Neuroscientists call it the default mode network. The brain regions that fire when you're thinking about yourself, replaying the past, rehearsing the future. Your internal PR department, working overtime. A meta-analysis of fMRI studies found this network consistently quiets during focused attention. The self-referential chatter decreases. What shows up isn't emptiness. It's receptivity. The signal was always there. You just couldn't receive it while you were busy narrating.

This is what the ceremonies are actually doing, by the way. They're interrupting the narration. The jungle setting, the ritual, the disorientation, all of it conspires to break the loop of self-referential thinking long enough for something else to come through. It works. For about 72 hours. Then the narration starts again, because the context hasn't changed.

Attention changes the context.

Daily, quietly, in the ordinary moments where nothing appears to be happening. The silence between agenda items. The walk from the parking lot. The moment after the call ends and before the next one starts. These are the gaps most leaders fill immediately. Music, email, the next task. Anything to avoid the quiet.

The quiet is where the recalibration actually lives.

I noticed this first in meetings. Less what people were saying, more the quality of my own attention while they said it. Was I listening, or was I preparing my response? Was I present, or was I three moves ahead, running simulations? The honest answer, most of the time, was that I was somewhere else entirely. Performing presence while my mind ran its loops.

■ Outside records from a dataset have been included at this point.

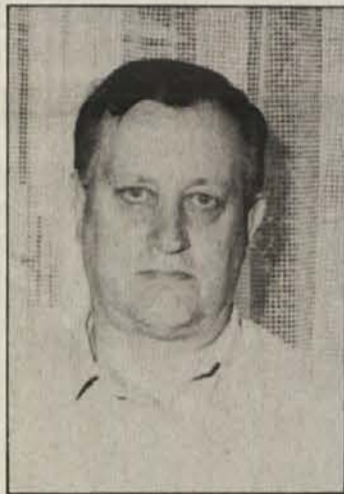
Avtor Tone Cevc
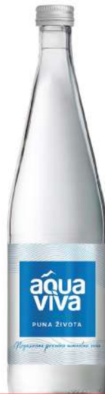
AQUA VIVA VODA 0,75L STAKLO
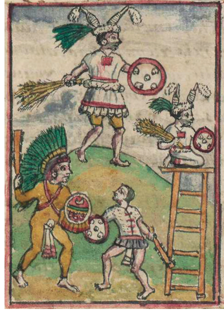
Figura 2. Representación del templo de la diosa Toci según la obra de Diego Durán. Fuente: Historia de las Indias de Nueva España e islas de la tierra firme , f. 286 (detalle). Imagen procedente de los fondos de la Biblioteca Nacional de España

de Sahagún se refiere que en ella se utilizaban a manera de armas, bolsas rellenas de pencas de nopal, por lo que sus características debieron de ser blandas . No obstante, sin querer desestimar dicha propuesta, es necesario considerar que las pencas de nopal no son, a mi parecer, un material que pudiera definirse blando del todo y, por lo que he podido comprobar, tras el análisis del término, éste en realidad se resiste a la traducción, lo cual no resulta extraño en los nombres propios de algunos rituales ya que, en varios de éstos, los nahuas no respetaron las reglas propias de la lengua, quizás debido a que se trataba de términos arcaicos o inclusive fueran préstamos de otros idiomas (véase Díaz Barriga 2021, 70-71).
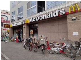
マクドナルド 徒歩8分(580m)

The shift wasn't dramatic. I started catching myself. Just noticing. The gap between the stimulus and whatever I did next got a little wider. Not always. But enough to matter.

That gap is ordinary. Nobody writes books about it. There's no certification for it. No before-and-after photos. It looks like nothing from the outside.

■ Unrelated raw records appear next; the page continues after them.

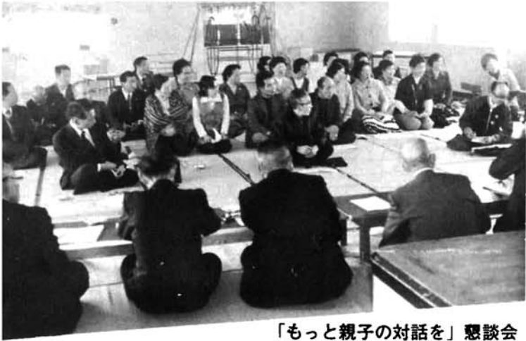
「もっと親子の対話を」懇談会

町青少年問題協議会では、去る三月十二日(日)塚山保育所において、青少年健全育成懇談会を開催し、集った青少年の保護者の熱心な協議懇談が行われました。当日の助言者には、長岡警察署をはじめ長岡大手高等学校校長等学校側から四名のご出席をいただき適切な御指導のもとで大変有意義であった。以下当日の様子を中心に青少年健全育成についてお知らせいたします。
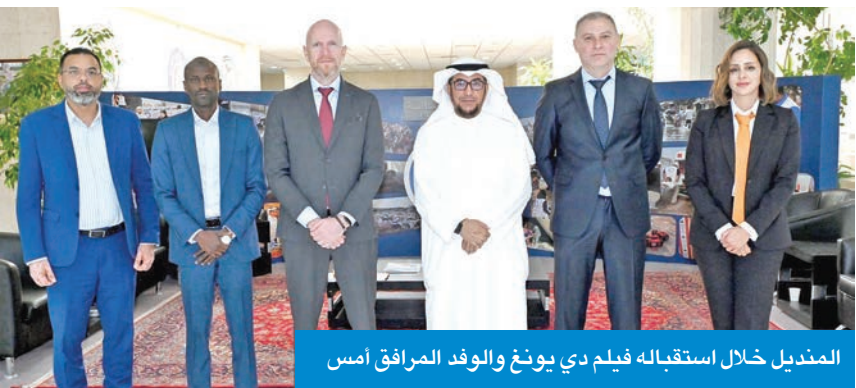
المندبل خلال استقباله فيلم دي يونغ والوفد المرافق أمس

الجمعية بحثت مع «الصليب الأحمر» تطوير العمل الإغاثي
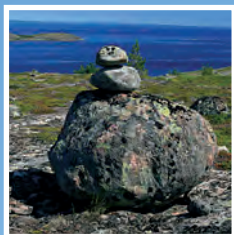
Загадки Немецкого Кузова
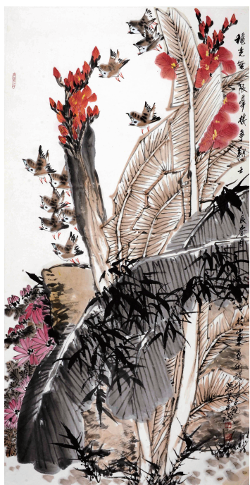
《秋花》138 x 69cm

观于源春先生的作品，能真切地感受到他笔为心声，以物言情，以物言志、弘扬人文的精神，他的作品不机械模仿、临摹，而是以饱满情感的笔墨来描绘花、鸟世界的精彩。

From the inside, it changes the room. The interference drops out. The performance. The narration. The constant low-grade effort of being the person I thought the room required.

Most of us are running two jobs simultaneously. The actual work, and the work of maintaining the version of ourselves that does the work. The second job is exhausting and invisible. Attention makes it visible. That's all it does. But visibility is enough, because once the performance becomes conscious, it becomes optional.

This isn't something I learned in a ceremony. I learned it on a Tuesday, sitting in my car in a parking garage, not yet ready to walk into the building. Just sitting. Noticing the reluctance. Not solving it, not overriding it, just letting it be there.

Nothing happened. And that was the point.

The ceremonies are fine. Some of them are genuinely useful for people in the right context. But the premise that transformation requires an extraordinary experience is itself the problem. It keeps the locus of change outside. Somewhere else. Something to book, to schedule, to fly to.

Attention doesn't need a booking. It's available between this sentence and the next breath.

The question is whether it's interesting enough to hold, or whether the mind will reach for something louder.

BTW, ayahuasca can be useful. But it's not for everyone. Paying attention is.